Eraldo Bernocchi and Prakash Sontakke – Invisible Tracks [TrackList follows] – RareNoise RNR069, 48:44 [11/18/16] ****:
(Eraldo Bernocchi – baritone guitar, electric guitar, electronics & producer; Prakash Sontakke – lap steel guitar)
Those who think they know the RareNoise label may not know as much as they think. The imprint—started in 2008 by two Italians and based in London—is typified by brash and noisy offerings by acts such as Brainkiller, Metallic Taste of Blood and Slobber Pup, and the label’s releases often include cross-genre music such as free jazz, electroacoustic music and avant rock. RareNoise cofounder Eraldo Bernocchi delivers a new dimension to his label with the 48-minute Invisible Tracks, his collaborative effort with Indian lap steel guitarist Prakash Sontakke. The nine pieces (which run approximately five to six minutes in length) present an ambient/electro excursion which balances Sontakke’s Indian-inflected guitar with Bernocchi’s baritone guitar, electric guitar, and electronics. Much of Bernocchi’s contributions were added in post-production. The result is somewhat akin to Michael Brook blended with modern Brian Eno: digital beats, pulsating electrical noises and sparse percussive effects riding along with reverb-laced guitar. Bernocchi admits a crucial inspiration for Invisible Tracks was Eno’s 1983 Apollo: Atmospheres and Soundtracks, which melded Eno’s dark ambient textures with Daniel Lanois’ manipulated guitar.
Every tune on Invisible Tracks has an individual identity, but the whole record has an overall mood and tone which holds together as an outline, blueprint and/or characteristic. Some cuts, such as the opening “The Last Emperor Walked Alone,” carve out a groove-laden background with sonic loops generated from pads, drones, or keys coming from Bernocchi’s guitars, while the production is persuasively electronic, Bernocchi refrains from dancefloor patterns.

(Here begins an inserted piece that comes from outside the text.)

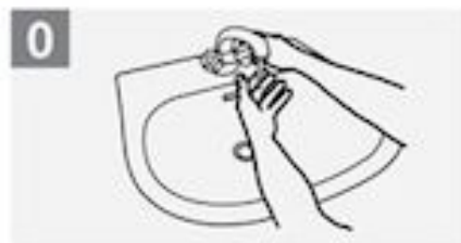
0 Maak je handen nat met water

While Sontakke’s ethereal lap steel guitar forms a grounded impression, Bernocchi layers in sometimes contrasting grooves, beats and guitar parts, with deep bass sounds reverberating throughout. The ether-enriched “Will You Stay,” on the other hand, is more evocative. Sontakke’s lap steel cross-merges Indian raga-like notes with a tonal quality reminiscent of how lap steel is frequently used in American country music. There are moments when electrified hum and light digital distortion supply a covert support, and other times when Sontakke takes solo flight, unencumbered by digital accompaniments. There is affecting beauty on some pieces such as “The Invisible Ferry,” where Bernocchi’s specially-built baritone guitar (which has an aluminum neck and a wood body) builds sustain against Sontakke’s ringing lap steel guitar. Their sensitive interplay belies the fact the two were not in the same studio at the same time, but rather collaborated via audio files sent back and forth. Another transcendent creation is the lovely “Sublime Skies,” a soundscape with excellent melodic and harmonic weaving, a musical dialogue which could easily find itself used in a nature or science documentary.

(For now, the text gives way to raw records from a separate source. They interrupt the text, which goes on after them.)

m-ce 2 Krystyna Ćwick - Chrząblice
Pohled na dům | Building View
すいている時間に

The groove is replete and phased up on the lengthiest number, “Bangalor Electric,” where Bernocchi supplements Sontakke’s snaky lap steel with slippery electric bits: beats, jazzy bass lines, and digital drums and percussion. Again, this isn’t meant for the dance floor, but “Bangalor Electric” wouldn’t be out of place in a cocktail bar with a younger crowd. Invisible Tracks concludes with the quietly interpolative “The Unsaid,” the album’s most tranquil tune, dripping with reverb, echo and gentle, gossamer guitar notes. There’s a bluesy undertow and the arrangement emphasizes the two guitarists, with minimal electronic underscoring: just hints of keyboard-esque effects and an elegant aura of electronics.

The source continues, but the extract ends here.